Project Lead: Margarete Jahrmann, Experimental Game Cultures, University of Applied Arts Vienna
Project Partners: Brigitte Felderer, Social Design, University of Applied Arts Vienna, Matthew Pelowski, Department of Cognition, Emotion, and Methods in Psychology, University of Vienna, Stefan Glasauer, Computational Neuroscience, Brandenburg University of Technology, Cottbus.
Using methods of artistic research, experimental psychology, and neuroscience in a combination that we term the PSYCHO-LUDIC APPROACH, we will investigate alternative motivations for game-playing, how we can learn from these about possible future forms of society, and whether, by using new game mechanisms in experimental, playful contexts we may unlock better means of mediating reflection, thoughts, and action, creating a powerful, transdisciplinary basis for ecologically respectful ways of living.

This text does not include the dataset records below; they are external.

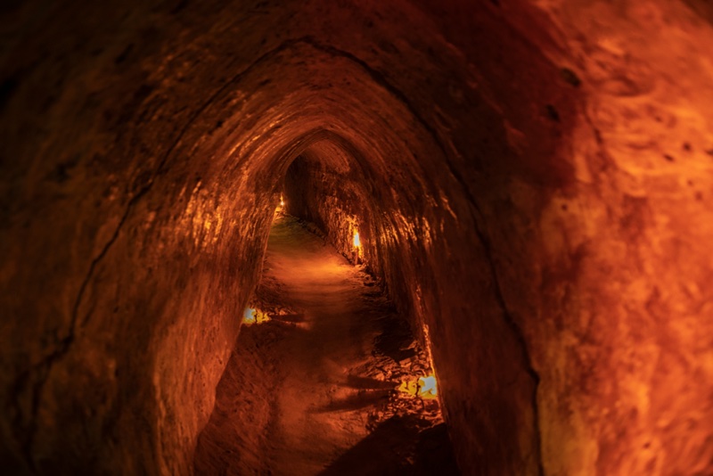 Morning transfer to the Cao Dai Great Holy See Temple, one of the most striking structures in Southeast Asia. Experience the vibrant midday ceremony conducted by Cao Dai followers. In the afternoon, visit the legendary Cu Chi Tunnels, a network where the Viet Cong hid during the Vietnam War. Watch an introductory video about the tunnels' construction, followed by an hour to explore the site. Enjoy tea and cassava, the guerrilla food from wartime, before returning to your hotel in Saigon. Dinner is at your own expense. Overnight in Saigon.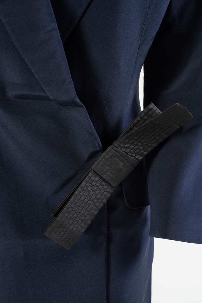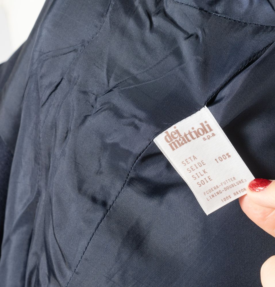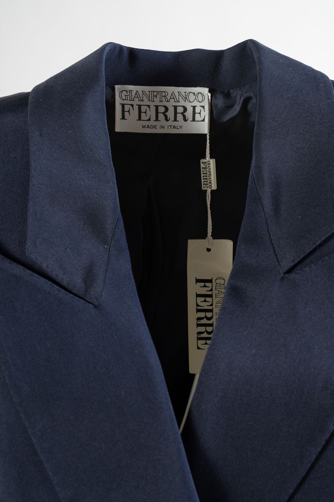 GIANFRANCO FERRE' Abito lungo in seta blu con chiusura a portafoglio e fiocco. Taglia riportata: 46. Composizione esterno 100% seta; fodera 100% rayon. Reca marchio Gianfranco Ferrè Made in Italy. (nuovo)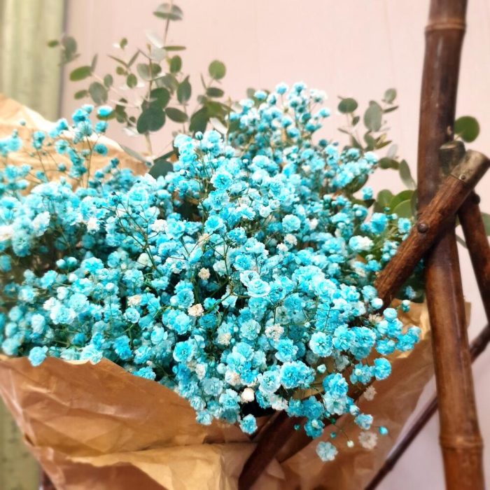 Гипсофила – 11 шт.Эвкалипт – 5 шт.Лента атласная – 1 шт.Открыточка с вашими пожеланиями – 1 шт.любовь флориста (бесплатно) – 1 шт.крафт жатый упаковка – 1 шт.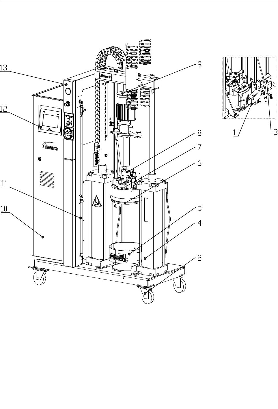 Parts 1 1 -3 Part 1121836_03 E 1 1/2014 Nordson Corporation Assembly Overview 19 Figure 11-1 1. Device, container d etection 2. Castors 3. Device platen p osition inquiry 4. Pneumatic cylinder D160-520 5. Pail clamp 6. M…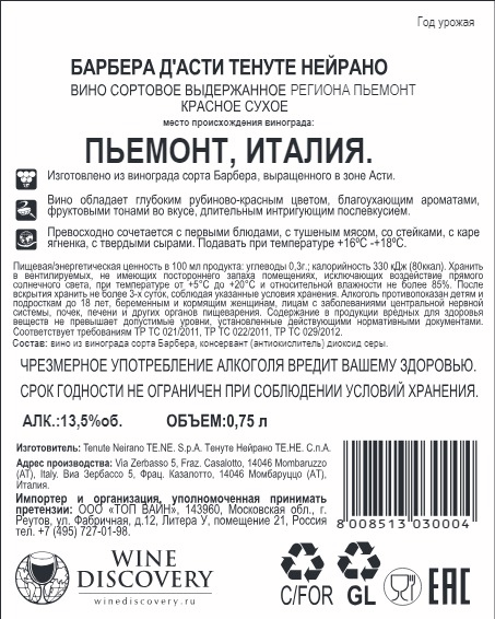 Вино Tenute Neirano Tirteo Barbera d'Asti Superiore красное сухое, 0.75л производится по классической рецептуре в лучших традициях итальянского виноделия. Этот напиток родом с Пьемонта, региона, знаменитого своими винодельнями. Там, под ярким солнцем зреет и набирает силу сорт бербера, который используется для производства этого моносортного вина. Собирают плоды в момент оптимальной спелости. Их тщательно сортируют и отправляют на д��льнейшую переработку в винодельни, где ягоды мягко прессуют. Винификация проводится при определенных условиях (соблюдение температурного режима контролируется профессиональными сотрудниками компании). В дальнейшем винный материал помещается в маленькие дубовые бочки, где выдерживается в течение 12 месяцев. Второй этап выдержки начинается после разлива напитка по стеклянным бутылкам и занимает полгода. Только после этого он направляется на продажу. Цвет у этого вина интенсивный, насыщенный, рубиново-красный, темный. При откупоривании бутылки ощущается палитра с нотками смородины, черники и вишни, смешанными со сладкими специями. Во время дегустации чувствуется отлично сбалансированный вкус, в котором присутствуют шелковистые танины, красные ягоды и спелая вишня. Послевкусие длительное и приятное. Подавать такой напиток лучше всего с мясом красных сортов (стеками, жареной свининой, каре ягненка или пикантными колбасками). Отличная комбинация получается с сырными тарелками. Рекомендуемая температура подачи +16-18С.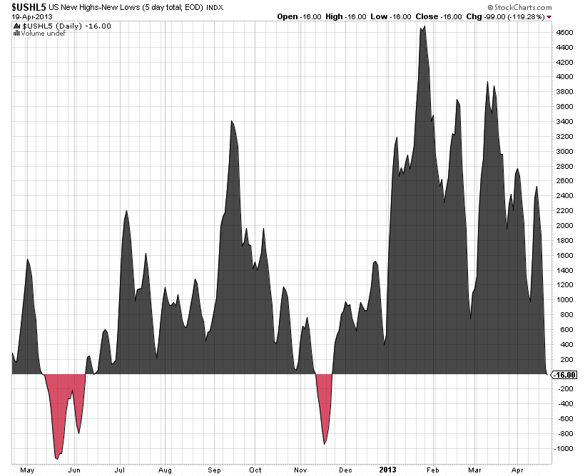 Attached is the New Highs / New Lows charts which had a quite negative week dropping below the zero line until Friday's recovery. However, the Total US 5 day total chart ended the week slightly in negative territory for the first time since November, and so is flashing a warning sign at least.

We propose that intrinsic forms of motivation, such as curiosity, creative work, participation, and emotional flow could replace profit-oriented game mechanics, enhance emphatic bonding, and foster a positive exchange with the environment. We will develop a scenario of future play that can break up established structures and suggest alternative games that point beyond the purpose of play: Signposts to possibilities of new forms of society, politics, and coexistence.
We address this aim by means of the psycho-ludic approach, which combines artistic research with scientific methods from psychology and neuroscience. In Hyperscan Flow Plays we use scientific experiments, hyperscanning, i.e., the simultaneous measurement of the coupling of the brains of two or more people in a natural social setting, to achieve empirical and theoretical insights. In dedicated actions we will present our questions as public artistic games, in which viewers are at the same time co-players and self-researchers, with whom we investigate motivation, affect, empathy, and emotion for alternative strategies of play.
Objectives
Objective 1
Artistic exploration of alternative game mechanics to investigate new ways of motivation and affective experience, away from profit and accumulation of possessions through experimental play to illuminate political and ethical awareness of a new ecological materiality and new ways of perceiving the world. Uncertainty as a basic principle of a dynamic play of forces is positively experienced in the ambiguity of play (Sutton-Smith, 1997). The research project itself is seen as a test case for the usefulness of such mechanisms.
Objective 2
Strategically reinterpreting existing metaphors and concepts in artistic cooperative play and the meaning of game mechanics in society through a deliberate use of cooperation and empathy mechanics. In contrast to established game mechanics of conquest, linear development, and accumulation, we explore, using the psycho-ludic approach, a new field of alternative empathic game design and connect it to an experiential design of “agency,” actionability.
Objective 3
Artist-researcher investigation of cause and effect of intrinsic motivation in games through affective experiential contexts, empathy, curiosity, etc., with the goal of discovering mechanisms and strategies that, culturally transferred, could influence capitalist concepts, effect social change, and intervene in our current global challenges.
Objective 4
Design of experimental game-art test facilities in which subjective experience of alternative mechanics becomes possible. In the coupling to Social Design as a multidisciplinary field of the design of social interaction we start a) from the radical questioning of game mechanics as the basis of political narratives of the present and b) from the particular emotive state of the players as concrete agents.